### To do
Please, in the data that follows, copy exactly the lines from the line with "Colorful volleyball on" through the last one, both included. Do not include pictures.

Collected data:
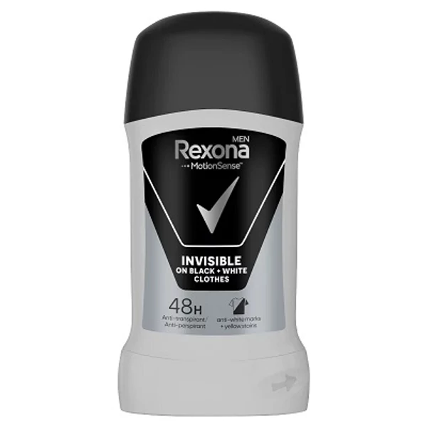 A Rexona Men Invisible Black & White stift 48 órás izzadásgátló védelmet biztosít, miközben megvédi a fekete ruhákat a fehér foltoktól és a fehér ruhákat a sárgulástól. Friss, férfias illatával egész nap magabiztosságot nyújt.
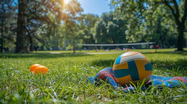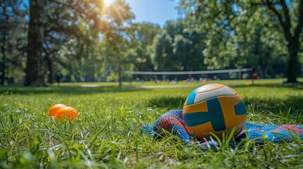 Colorful volleyball on a blanket in a sunny park with people playing in the background. Perfect image for outdoor and recreational themes.
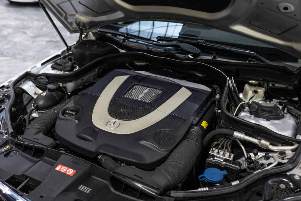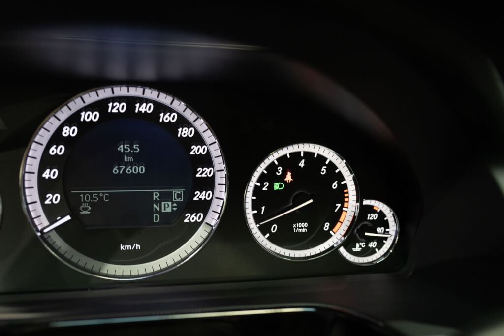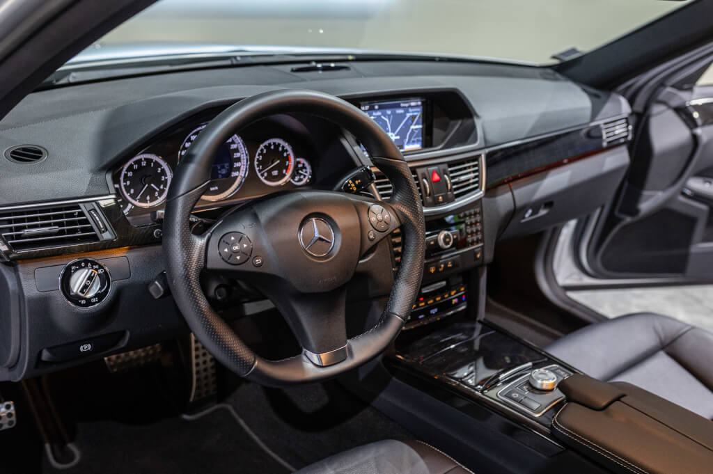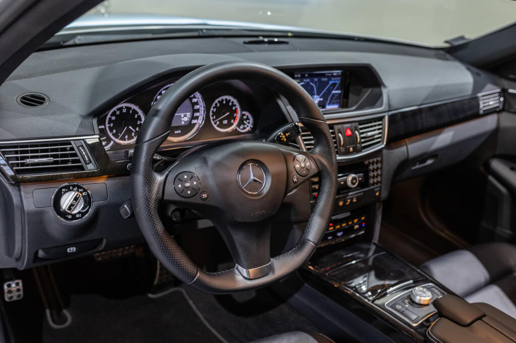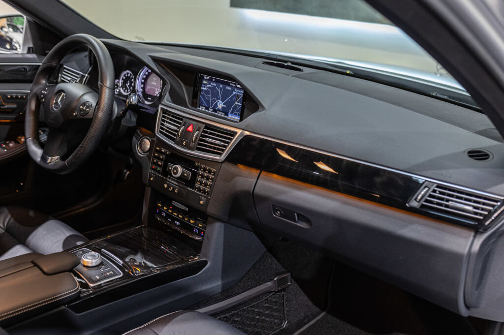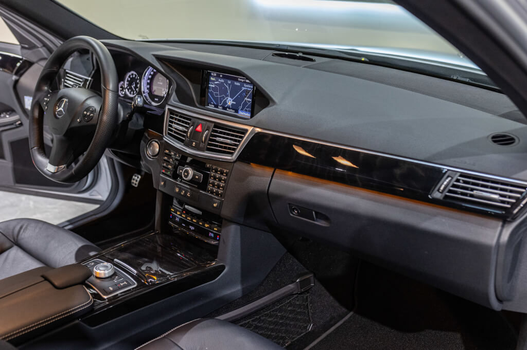 Cette Classe E 500 de seconde main, se distingue par un faible kilométrage de 67.000 km et se présente dans un état exceptionnel, proche du neuf, avec un historique d’entretien transparent et méticuleux exclusivement chez Mercedes.
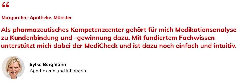 Für Chancendenker*innen und Apotheker*innen mit Profil ist das Medikationsmanagement die honorierte Service-Dienstleistung der Zukunft. Mit dem MediCheck gelingt Ihnen das ab sofort schnell, kompetent und zeiteffizient. Überzeugen Sie sich selbst!
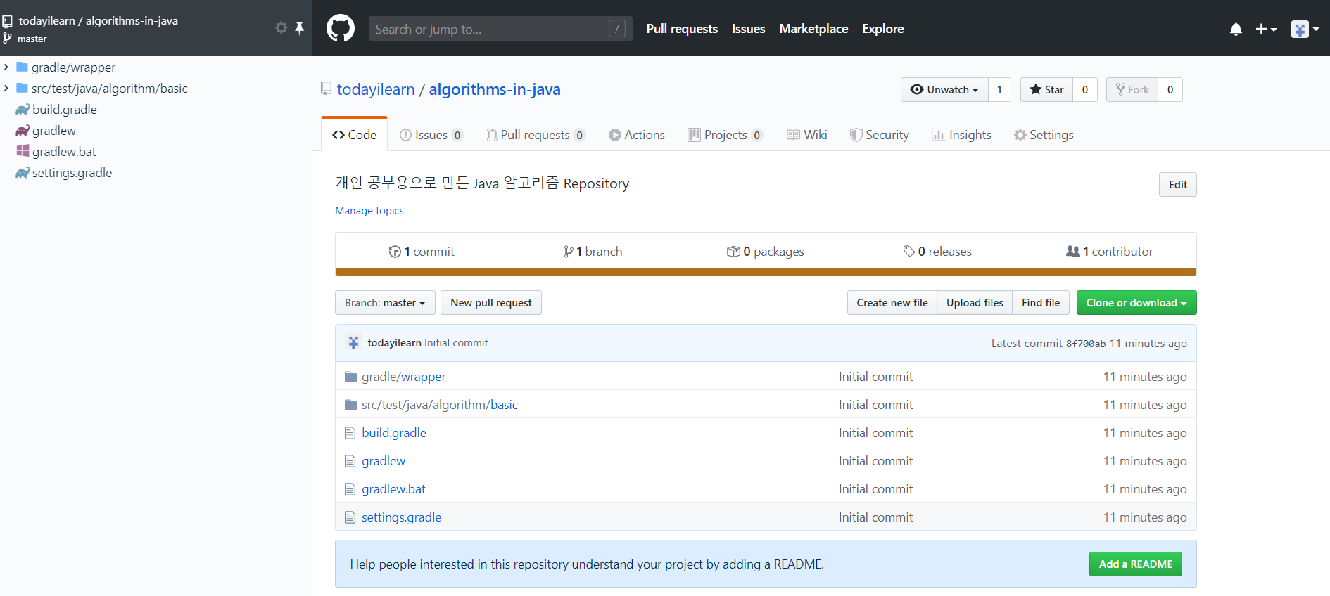 이제 모든 과정이 끝났다. IntelliJ에서는 'Successfully shared project on GitHub:'라는 성공 메시지가 뜰 것이다. 프로젝트가 제대로 Push 되었는지 Github에서 확인해보자.

### Response
 Colorful volleyball on a blanket in a sunny park with people playing in the background. Perfect image for outdoor and recreational themes.
 Cette Classe E 500 de seconde main, se distingue par un faible kilométrage de 67.000 km et se présente dans un état exceptionnel, proche du neuf, avec un historique d’entretien transparent et méticuleux exclusivement chez Mercedes.
 Für Chancendenker*innen und Apotheker*innen mit Profil ist das Medikationsmanagement die honorierte Service-Dienstleistung der Zukunft. Mit dem MediCheck gelingt Ihnen das ab sofort schnell, kompetent und zeiteffizient. Überzeugen Sie sich selbst!
 이제 모든 과정이 끝났다. IntelliJ에서는 'Successfully shared project on GitHub:'라는 성공 메시지가 뜰 것이다. 프로젝트가 제대로 Push 되었는지 Github에서 확인해보자.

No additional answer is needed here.